My advice for pain control. Avoid medications if you can, not just Tylenol, all medications. Try to use massage therapy, and physical therapy to deal with most general pain complaints. Check with your OB before taking any treatment. Never take any supplement, vitamin, or medicine unless it is under you OB doctor’s direct advice. Always take the smallest dose for the shortest time. Stay away from untested/regulated/and poorly researched alternative medicine. I can tell you what the risks are for your baby with proven medical care. I cannot even guess what the risks are with Alt. Med. Please don’t treat a pregnant mom like she is a selfish murderer because she took some Tylenol in front of you. Tylenol and its generic versions are still the safest pain treatment that can be offered to a pregnant mommy. Pregnant mothers, do not under any circumstances take a Non Steroidal Anti-Inflammatory like OTC ibuprofen. That medicine has proven risks to your unborn child.
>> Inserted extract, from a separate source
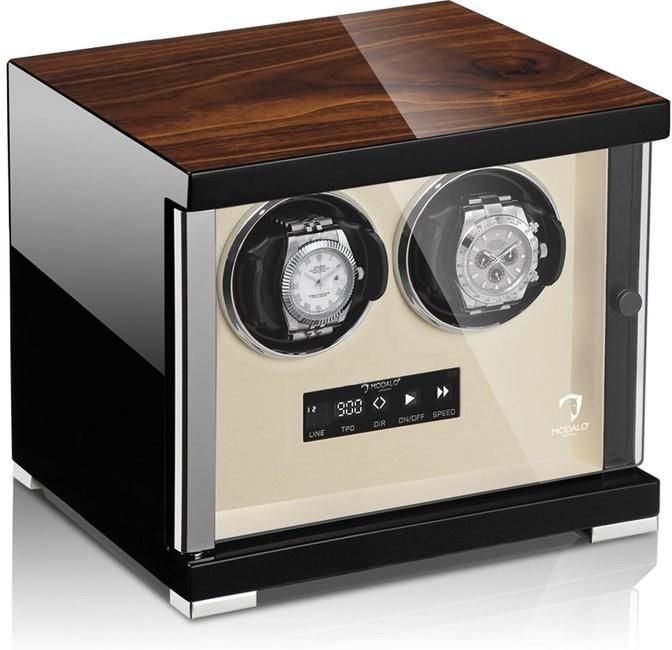 Rotomat to profesjonalne urządzenie do zegarków, które przypadnie do gustu kolekcjonerom, posiadaczom co najmniej dwóch czasomierzy, a także zegarmistrzom oraz przedsiębiorcom, którzy działają w branży luksusowej biżuterii. Służy ono do nakręcania zegarków mechanicznych z automatycznym naciągiem. Bez wysiłku ze strony człowieka, przedłuża żywotność zegarków, dba o ich prawidłowe funkcjonowanie, a do tego pięknie eksponuje poszczególne modele oraz staje się elegancką dekoracją pomieszczenia czy gabloty. CHARAKTERYSTYKA Najbardziej innowacyjna technologia: MODALO oferuje inteligentne programy wind z łagodnymi okresami odpoczynku, opatentowane systemy, oświetlenie wewnętrzne LED, powierzchnię z prawdziwego lakieru fortepianowego, lite drewno z certyfikatem FSC i inne ekskluzywne funkcje. Najnowsze silniki: Silniki MODALO gwarantują delikatne i ciche nakręcanie zegarka, są energooszczędne i trwałe. Każdy silnik można zaprogramować indywidualnie Programy z wyświetlaczem dotykowym: 650 do 1000 TPD (obrotów na dzień) Kierunki obrotu: zgodnie z ruchem wskazówek zegara, przeciwnie do ruchu wskazówek zegara, dwukierunkowo Szybkie nakręcanie: 60 minut obrotu, do szybkiego nakręcania zatrzymanego zegarka) Tryb prezentacji: wszystkie moduły są aktywowane jednocześnie, aby optymalnie zaprezentować zegarki Pozycja na godzinie 12: W okresach odpoczynku zegarek jest optymalnie prezentowany i spoczywa w pozycji na godzinie 12 Oświetlenie LED: Dyskretne oświetlenie wnętrza zegarów LED Wkładki do zegarków: dzięki inteligentnej technologii systemu mocowania wszystkie popularne modele i rozmiary zegarków można bezpiecznie i wygodnie używać Szkło bezpieczne: Szyba drzwi szklanych wykonana jest ze szkła bezpiecznego ESG Obudowa: Solidna obudowa wykonana z certyfikowanego litego drewna nowozelandzkiego Wykończenie: wielowarstwowy lakier fortepianowy o wysokim połysku Wnętrze: delikatna skóra syntetyczna, łatwa w pielęgnacji Zasilanie akumulatorowe: Opcjonalnie możliwa jest praca z 4 akumulatorami typu C Zasilanie: zasilacz 5 V dołączony do akcesoriów Do wszystkich popularnych zegarków automatycznych: waga do 400 g, średnica do 60 mm, długość paska 15-21 cm

Most risks for pregnant women are well known. Some are overblown fear mongering. This study is interesting, but as tool to determine cause and effect it is useless. Warnings that you may hear about Tylenol and ADHD amount to no more than Fear Mongering and are not medical science.

References:

http://archpedi.jamanetwork.com/article.aspx?articleid=1833486#Abstract.

http://www.tylenol.com/safety-dosing

http://www.cdc.gov/ncbddd/adhd/facts.html

http://www.cdc.gov/pregnancy/

DisclaimerThis post is my personal opinion, it does not reflect the opinion of: my practice, my partners, hospital affiliations, Brian Dunning or my academic affiliations. It is for informational/educational purposes only. It is not intended to replace personal medical evaluation and discussion with your healthcare provider.